We can see how total variation loss is enforcing blobbiness. In this case the default value of tv_weight=10 seems to work very well. The point of this exercise was to show how weights can be tuned.

Lets visualize all other output categories and see what we get.


In [26]:
for output_idx in np.arange(10):
    # Lets turn off verbose output this time to avoid clutter and just see the output.
    img = visualize_activation(model, layer_idx, filter_indices=output_idx, input_range=(0., 1.))
    plt.figure()
    plt.title('Networks perception of {}'.format(output_idx))
    plt.imshow(img[..., 0])


Pretty cool. Its amazing that we can even generate an input image via backprop!

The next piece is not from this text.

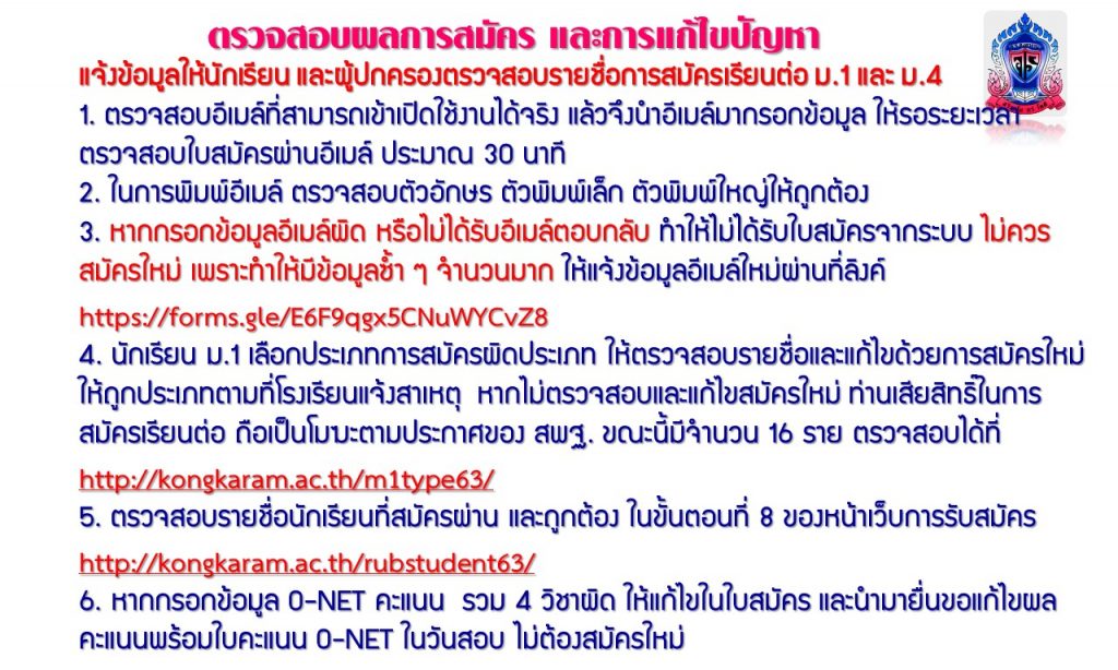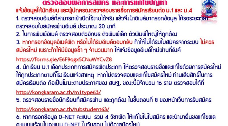 4. นักเรียน ม.1 เลือกประเภทการสมัครผิดประเภท ให้ตรวจสอบรายชื่อและแก้ไขด้วยการสมัครใหม่ให้ถูกประเภทตามที่โรงเรียนแจ้งสาเหตุ หากไม่ตรวจสอบและแก้ไขสมัครใหม่ ท่านเสียสิทธิ์ในการสมัครเรียนต่อ ถือเป็นโมฆะตามประกาศของ สพฐ. ขณะนี้มีจำนวน 16 ราย ตรวจสอบได้ที่ https://kongkaram.ac.th/m1type63/

Obviously you can tune the visualizations to look better by experimenting with image_modifiers, lp-norm weight etc. Basically, a regularizer is needed to enforce image naturalness prior to limit the input image search space. By this point, GANs should come to your mind. We could easily take a GAN trained on mnist and use discriminator loss as a regularizer. For using custom loss, you can use visualize_activation_with_losses API.

Feel free to submit a PR if you try the GAN regularizer :)

Other fun stuff

The API to visualize_activation accepts filter_indices. This is generally meant for multi label classifiers, but nothing prevents us from having some fun.

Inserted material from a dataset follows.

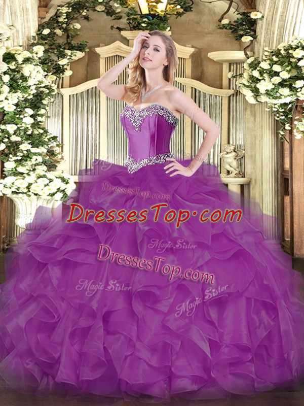 Most Popular Fuchsia Ball Gowns Organza Sweetheart Sleeveless Beading and Ruffles Floor Length Lace Up Quinceanera Dress

By setting filter_indices=[1, 7], we can generate an input that the network thinks is both 1 and 7 simultaneously. Its like asking the network

Generate input image that you think is both 1 and a 7.


In [28]:
img = visualize_activation(model, layer_idx, filter_indices=[1, 7], input_range=(0., 1.))
plt.imshow(img[..., 0])


Out[28]:
<matplotlib.image.AxesImage at 0x7fd92febccd0>

Compare this to the 1 generated above and you should be able to see the difference. Nifty indded!

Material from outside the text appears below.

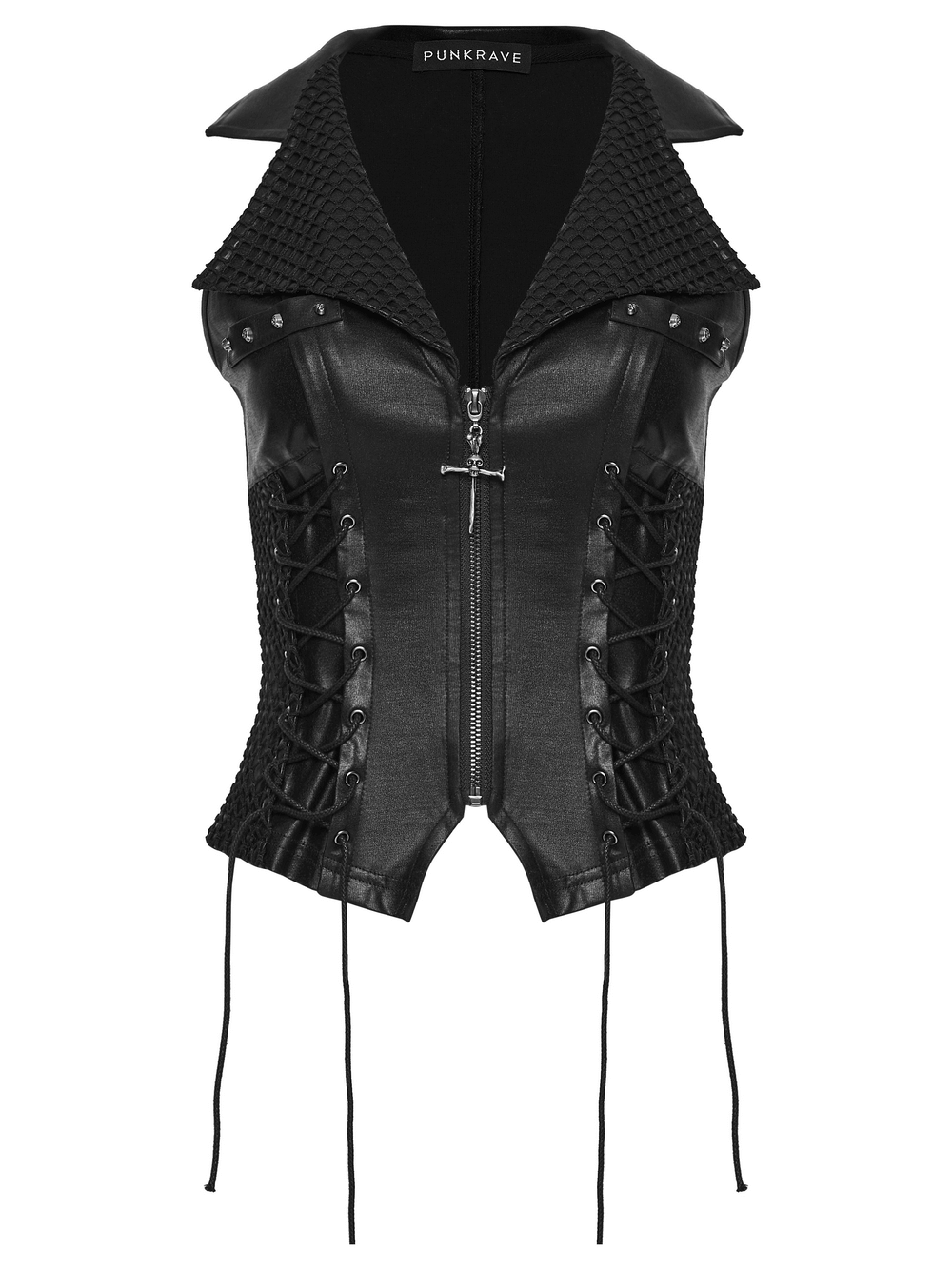 Sharp Punk Vest with Mesh Detailing and Gothic Pendant

Visualizations without swapping softmax

As alluded at the beginning of the tutorial, we want to compare and see what happens if we didnt swap out softmax for linear activation.


In [19]:
# Swap linear back with softmax
model.layers[layer_idx].activation = activations.softmax
model = utils.apply_modifications(model)

for output_idx in np.arange(10):
    # Lets turn off verbose output this time to avoid clutter and just see the output.
    img = visualize_activation(model, layer_idx, filter_indices=output_idx, input_range=(0., 1.))
    plt.figure()
    plt.title('Networks perception of {}'.format(output_idx))
    plt.imshow(img[..., 0])


It does not work! The reason is that maximizing an output node can be done by minimizing other outputs. Softmax is weird that way. It is the only activation that depends on other node output(s) in the layer.